A pesquisa sobre a imortalidade da alma e a recordação, entendida enquanto
“memória”, são categorias filosóficas abalizadoras para a elaboração de uma tentativa
de entendimento das contradições implícitas na opção histórica marcada na
comunidade. Onde o aprendizado é recordação e reprodução simples da pesca artesanal,
onde a idéia pensada como valor com conteúdo absoluto nos afirma via noção de
contradição que no absoluto, do conteúdo da idéia há o devaneio e a imaginação do
Exu. Se na alma estão as idéias, as recordações, o saber, o conhecer e o reconhecer (o
mundo da verdade) falamos que na Marambaia é no nível do imaginário que estão os
Orixás, os Deuses, as Deusas e o Soldado Guerreiro que mata o mal. Na praia, o ilusório
faz composição e estruturação do mundo da verdade.
A metempsicose do orfismo e do pitagorismo[11] se faz presente no momento histórico
em que os caminhos de areia, a possível existência do Quilombo do Negro Lucas[12] e
a moradia de negros na cidade de Rio Grande transferiu parte da idéia, enquanto valor
com conteúdo absoluto, para os portugueses que originaram a comunidade da
Marambaia. Observamos que os portugueses estão recordando e sentindo saudades de
uns negros que “foram”, quando rezam e pedem proteção para Ogum. São as
reminiscências dos que foram, sem jamais terem ido.

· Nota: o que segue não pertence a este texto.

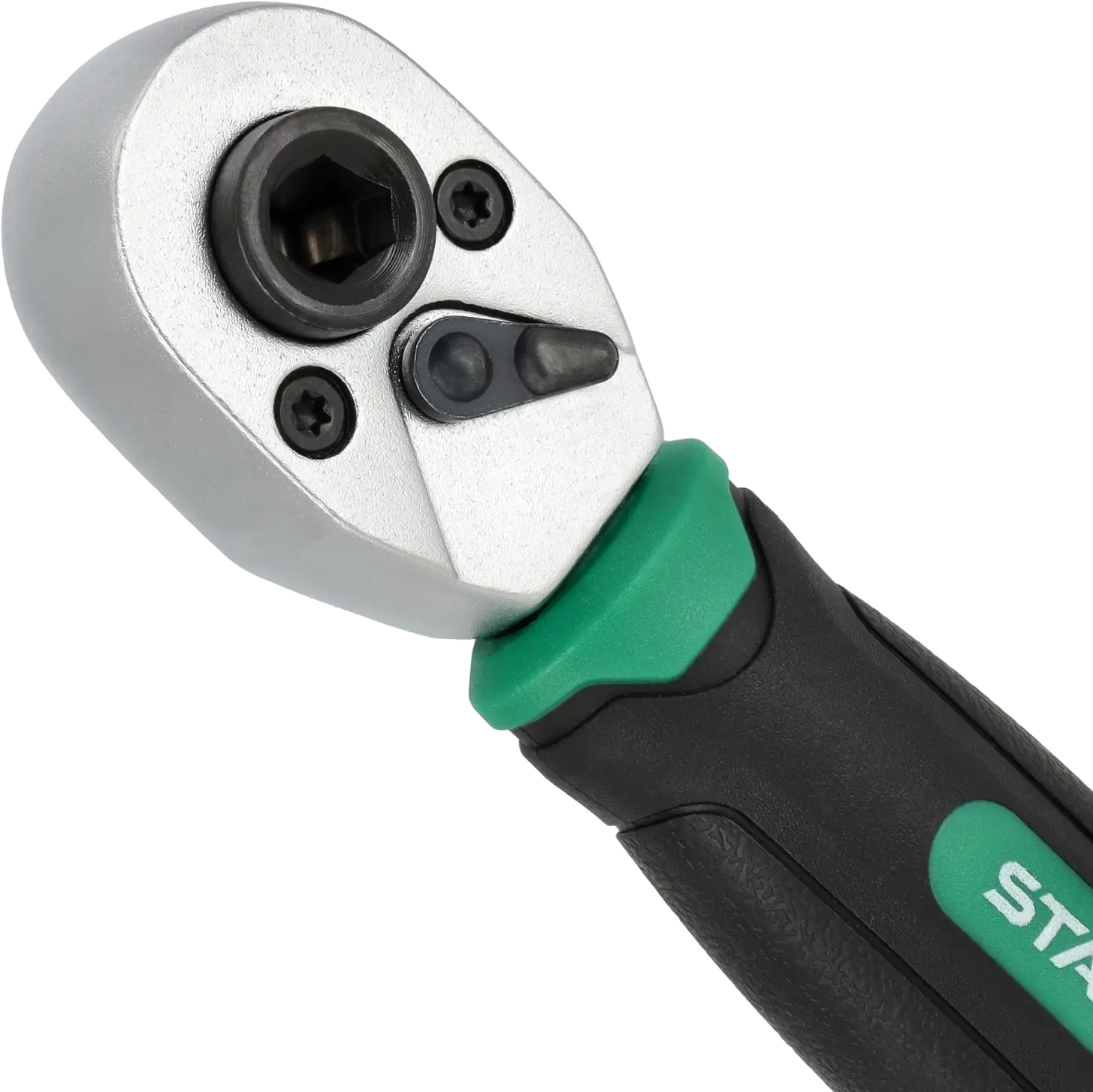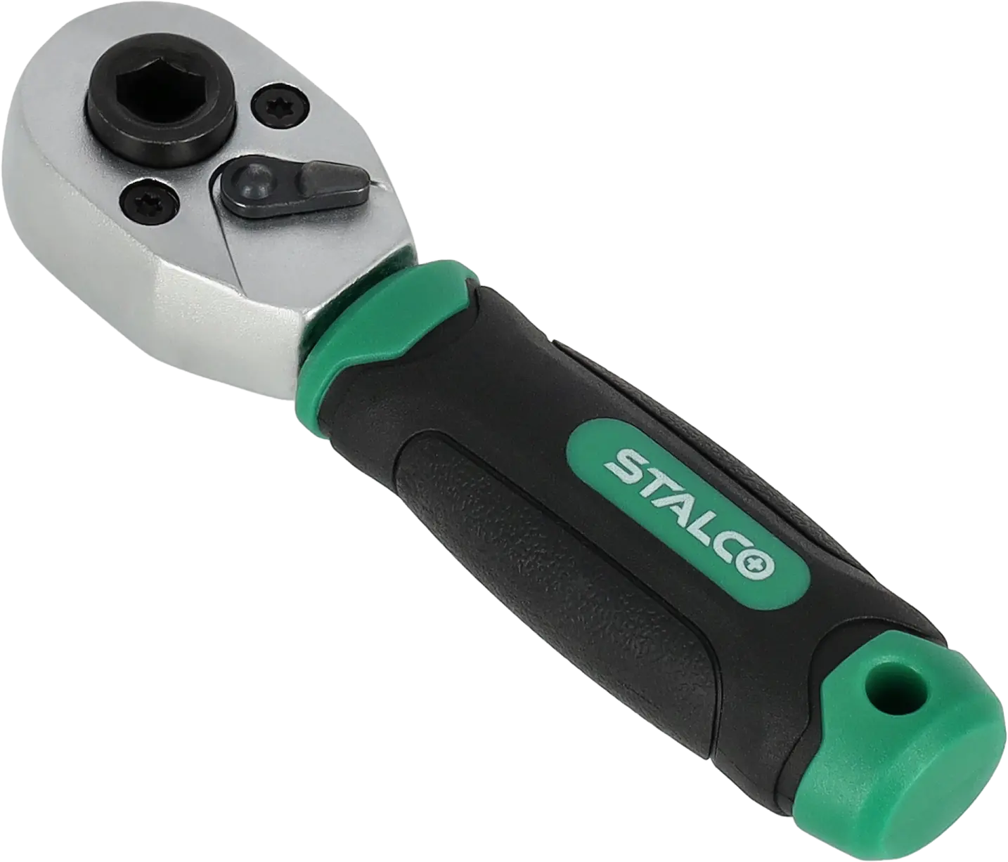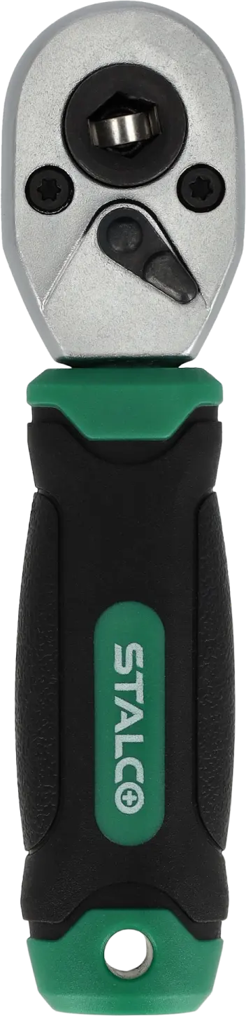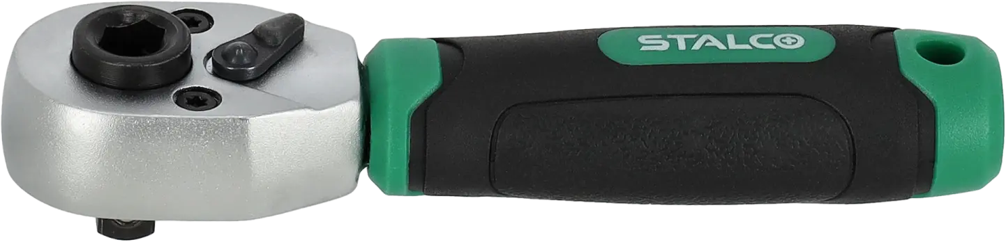 The STALCO bit and socket ratchet is a functional handheld workshop tool. It's useful for tightening and loosening most fasteners, such as screws and bolts. Its compact size and smallest quarter-inch socket shank allow for the smallest of sockets. The ratchet mechanism boasts 72 teeth. These features make the STALCO bit and socket ratchet ideal for even the most precise tasks. The tool is made of chrome vanadium steel, and the ergonomic plastic handle makes the ratchet durable and ideal for use in workshops, construction sites, and industrial applications. Its compact size also makes it easy to store.

A palavra grega psychê[13] nos remete a noção de “princípio de vida”, o que diferencia
o animado do inanimado. O sentido da palavra não tinha relação com a noção de
imortalidade. O indivíduo era entendido como sendo um elemento inseparável do
mundo (naquela sociedade). Quando se falava em individualidade não se direcionava a
questão para a subjetividade humana.
O entendimento de divindade do espírito, apresentado pelo estudo platônico, viabiliza a
análise de um “eu” transcendente, que é fruto do debate de Pitágoras sobre o fato de que
a alma é imortal (o intelecto enquanto elemento constitutivo da alma é sua dimensão
imortal). A imortalidade é o que o ser humano possui de mais verticalmente humano e
máximo do divino. Através da dialética ascendente, a alma, numa compreensão de ser
uma relação do “intermediário” entre o mundo das idéias e o sensível, atinge o nível da
verdade absoluta. A alma é vista como sendo superior ao plano sensível e dotada de
uma subjetividade pura (divinização do ser humano), isto é, a subjetividade pura é a
parte racional da alma, dotada de uma característica fundamentada no fato de que a
alma recria a estrutura do mundo das idéias em si mesma, isto é, a alma realiza uma
relação direta com o princípio primário de todo o conhecimento antes de ter sido
submergida a transmigração (metempsicose) ocorre um deslocamento da racionalidade
da alma ao ideal (a estrutura da objetividade)[14]. Assim, a evidência atinge o mundo
dos sentidos (dialética descendente) ciente da distinção entre o sensível e o ideal. Ora,
ao ser intermediária a alma pertence ao plano ideal e ao devir e que cada ser humano
possui um anámnesis (identidade racional).Platão coloca o debate de que a estrutura
interna do pensamento é dialética e que sinaliza uma síntese última que une o ideal e o
devir[15].
[1] PLATÃO. A República. São Paulo: Exposição do Livro. s. d. (p. 207 (33)).